**Task description:** Copy every line of the data below exactly as given, except for the pictures.

**Data block:**
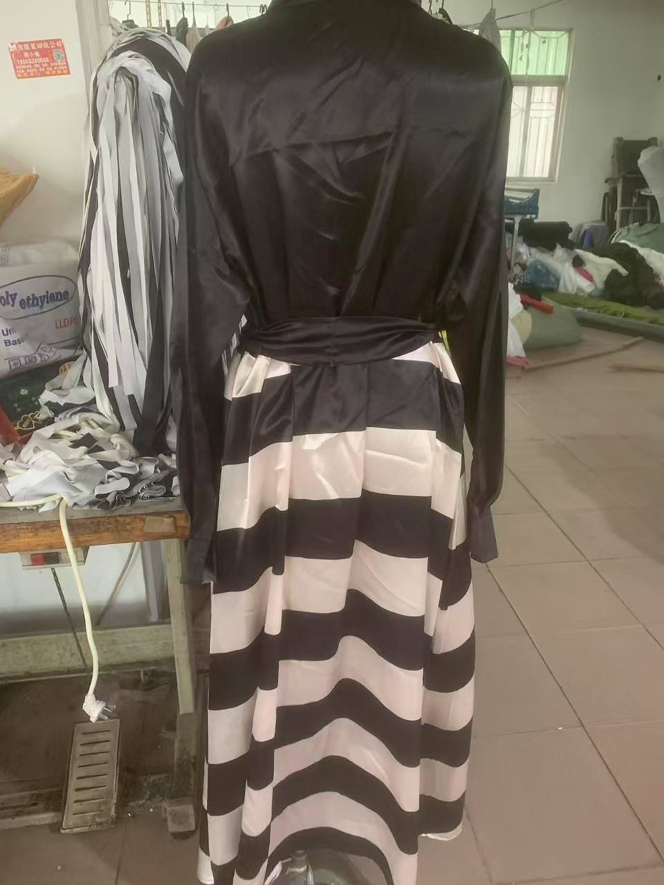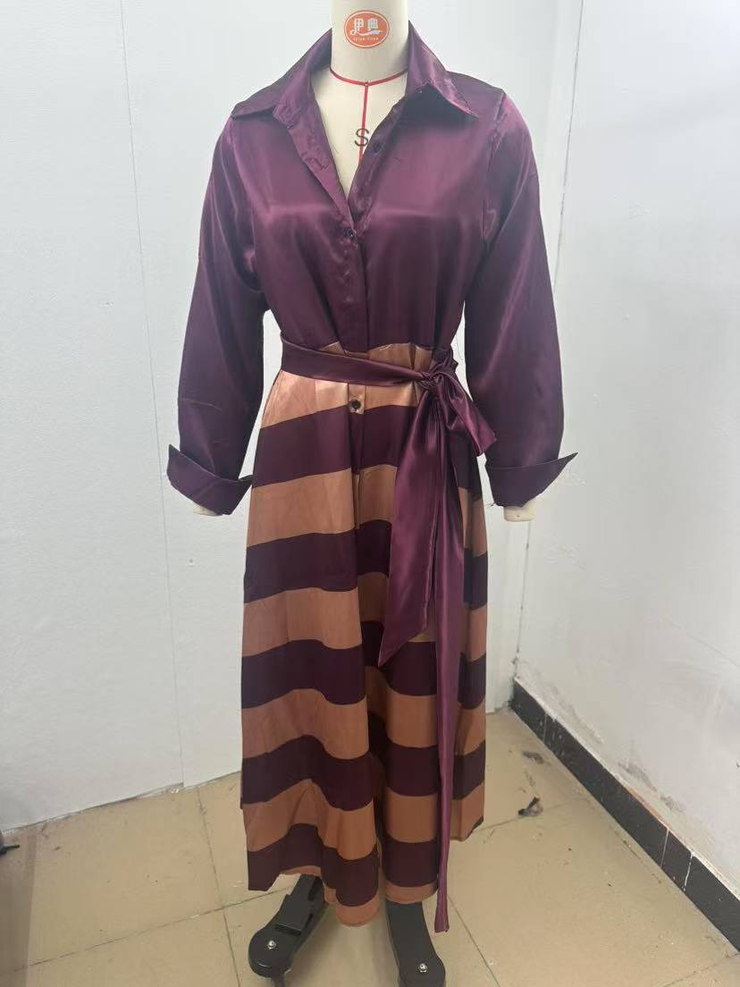 2024 유럽과 미국 국경 대외 무역 아마존 가을 여성의 긴 우아한 레이스 업 인쇄 스티칭 원피스 원피스
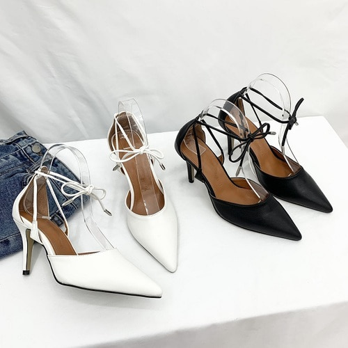 사이드 오픈 발목 리본 끈 스트랩 스틸레토 하이힐 펌프스 8.5cm
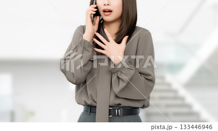 スマートフォンで話しながら驚く女性・ビジネスウーマン
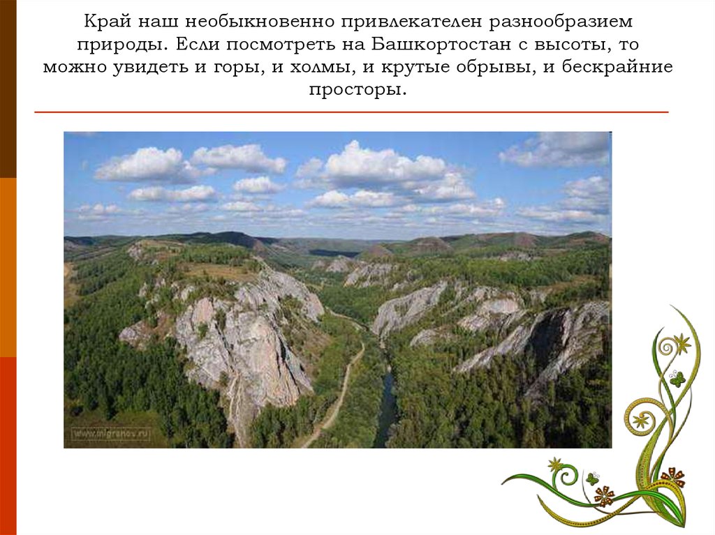 Край наш необыкновенно привлекателен разнообразиемприроды. Если посмотреть на Башкортостан с высоты, то

**Written answer:**
 2024 유럽과 미국 국경 대외 무역 아마존 가을 여성의 긴 우아한 레이스 업 인쇄 스티칭 원피스 원피스
 사이드 오픈 발목 리본 끈 스트랩 스틸레토 하이힐 펌프스 8.5cm
 スマートフォンで話しながら驚く女性・ビジネスウーマン
 Край наш необыкновенно привлекателен разнообразиемприроды. Если посмотреть на Башкортостан с высоты, то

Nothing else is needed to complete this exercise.